Le syndicat demandeur justifie de sa créance à hauteur de 6 600,45 euros. Le surplus des sommes sollicitées (3 485,12 euros) correspondant à un exercice postérieur à celui en cours au jour de la mise en demeure sera rejeté. Il convient d’ôter la somme de 300 euros, correspondant aux frais de transmission de dossier en date des 5 juillet 2024, relevant des frais irrépétibles et ramenant la créance à la somme de 2 815,33 euros, au titre des charges impayées au 5 juillet 2024.
Il sera en conséquence fait droit à la demande du syndicat requérant à hauteur de la somme de 2 815,33 euros, outre intérêts au taux légal à compter du 24 juillet 2024, conformément aux dispositions de l’article 36 du décret 67-223 du 17 mars 1967.
Concernant la solidarité, en l’absence de fondement légal ou conventionnel, elle sera écartée.
Aux termes de l’alinéa 3 de l’article 1231-6 du code civil, applicable aux obligations contractuelles de paiement de somme d’argent, « le créancier auquel son débiteur en retard a causé, par sa mauvaise foi, un préjudice indépendant de ce retard, peut obtenir des dommages et intérêts distincts de l’intérêt moratoire. »
En l’espèce, si le défaut de paiement est bien justifié, il n’est pas démontré de préjudice distinct qui ne soit pas déjà réparé par les intérêts moratoires. En outre, aucun élément ne permet de démontrer la mauvaise foi des défendeurs dans leur carence de paiement.
Le syndicat requérant sera débouté de sa demande en dommages et intérêts et en général du surplus de ses demandes principales.

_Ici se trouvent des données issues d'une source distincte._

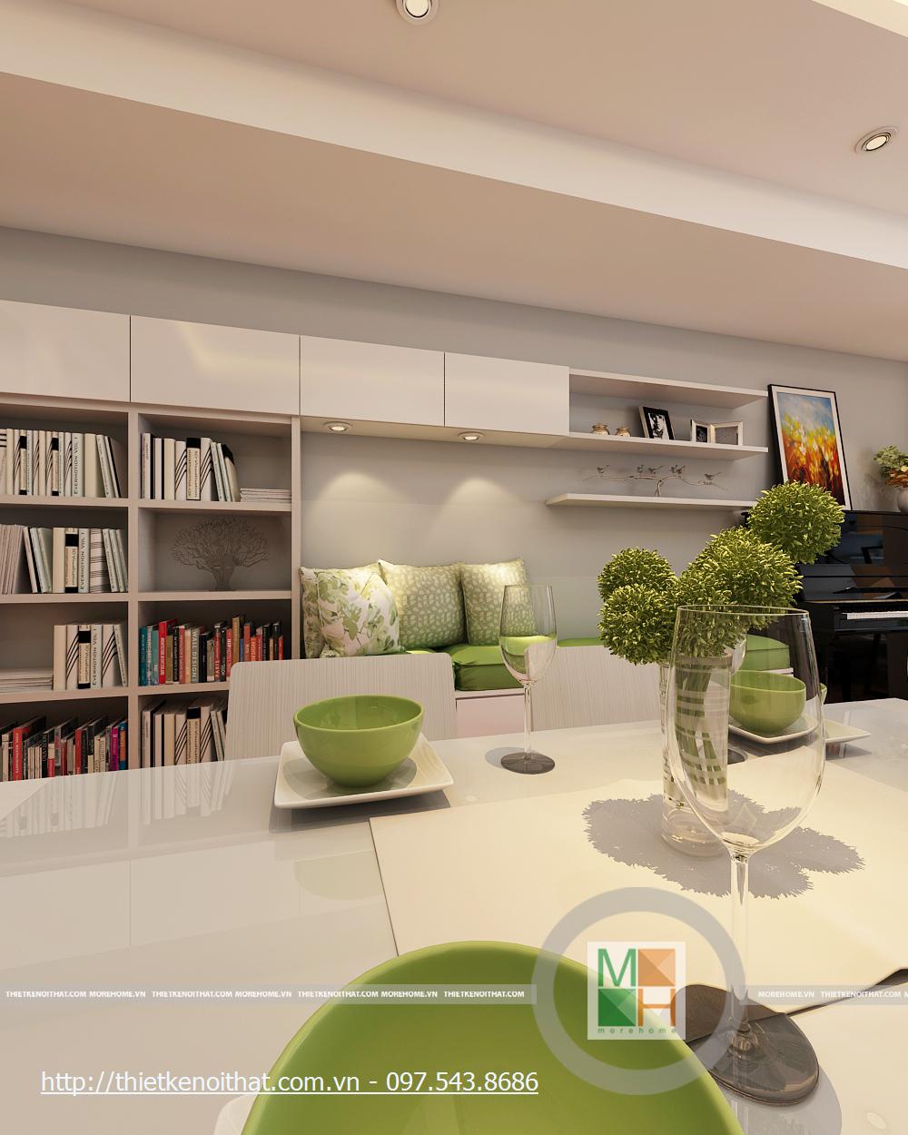 Tiếp đến là thiết kế không gian chung cho bàn ăn và phòng bếp. Thiết kế nội thất chung cư hiện đại có diện tích không quá lớn vì vậy các vách ngăn không cần thiết được cắt bỏ giúp tăng độ mở và thoáng cho công trình. Thiết kế bàn ăn hiện đại với tone màu trắng theo phòng cách tối giản khá nhẹ nhàng và đồng nhất với các thiết kế kệ tủ cho của căn hộ. Một điểm nhấn khác lạ của căn hộ chính là thiết kế kệ sách kết hợp không gian đọc sách thư giãn. Theo đúng sở thích và thói quen của gia chủ, không gian đọc được lồng ghép khéo léo ngay trong khu sinh hoạt chung mang đến cảm giác gần gũi và thư giãn. Với điều kiện thiết kế nhà chung cư không quá rộng, đây thực sự là một sự kết hợp khá ấn tường vừa đảm bảo công năng khu sinh hoạt chung lại đáp ứng sở thích của gia chủ.
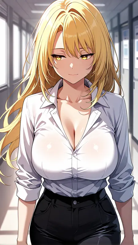 luna_casual_outfit, 锁骨, 胸部暴露, 白色衬衫, 黑色裤子,
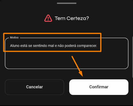 ⚠️ Atenção: Essa ação não poderá ser revertida. Ao registrar uma presença, você só conseguirá alterar essa presença para falta, e vice-versa. ⚠️
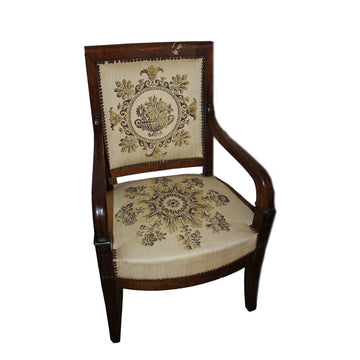 Elegant French armchair from the mid-1800s in Directoire style, made of solid mahogany. Features upholstered...

Les défendeurs, partie perdante, seront condamnés aux dépens de l’instance, ainsi qu’au paiement de la somme qu’il apparaît équitable de fixer à hauteur de 1 500 euros sur le fondement de l’article 700 du code de procédure civile. Le syndicat requérant sera débouté du surplus de sa demande de ce chef.
PAR CES MOTIFS
Nous, vice-président délégué par madame la Présidente, statuant selon la procédure accélérée au fond, par jugement mis à disposition au greffe, par jugement réputé contradictoire et en premier ressort,
CONDAMNONS in solidum Monsieur [S] [X] et Madame [I] [X] à payer au syndicat des copropriétaires de la copropriété [Adresse 3], représenté par son syndic en exercice, la SARL AGI – AGENCE GENÉRALE IMMOBILIER, la somme de 2 815,33 euros, outre intérêts au taux légal à compter du 24 juillet 2024, au titre des charges de copropriété impayées et à échoir ;
REJETTONS la demande de dommages et intérêts ;
CONDAMNONS in solidum Monsieur [S] [X] et Madame [I] [X] aux entiers dépens ;
CONDAMNONS in solidum Monsieur [S] [X] et Madame [I] [X] à payer au syndicat des copropriétaires de la copropriété [Adresse 3], représenté par son syndic en exercice, la SARL AGI – AGENCE GENÉRALE IMMOBILIER, la somme de 1 500 euros sur le fondement de l’article 700 du code de procédure civile ;
REJETTONS le surplus des demandes ;
DEBOUTONS le syndicat des copropriétaires de la copropriété [Adresse 3], représenté par son syndic en exercice, la SARL AGI – AGENCE GENÉRALE IMMOBILIER, du surplus de ses demandes principales et accessoires.
Ainsi jugé et prononcé par mise à disposition au greffe le 15 janvier 2025.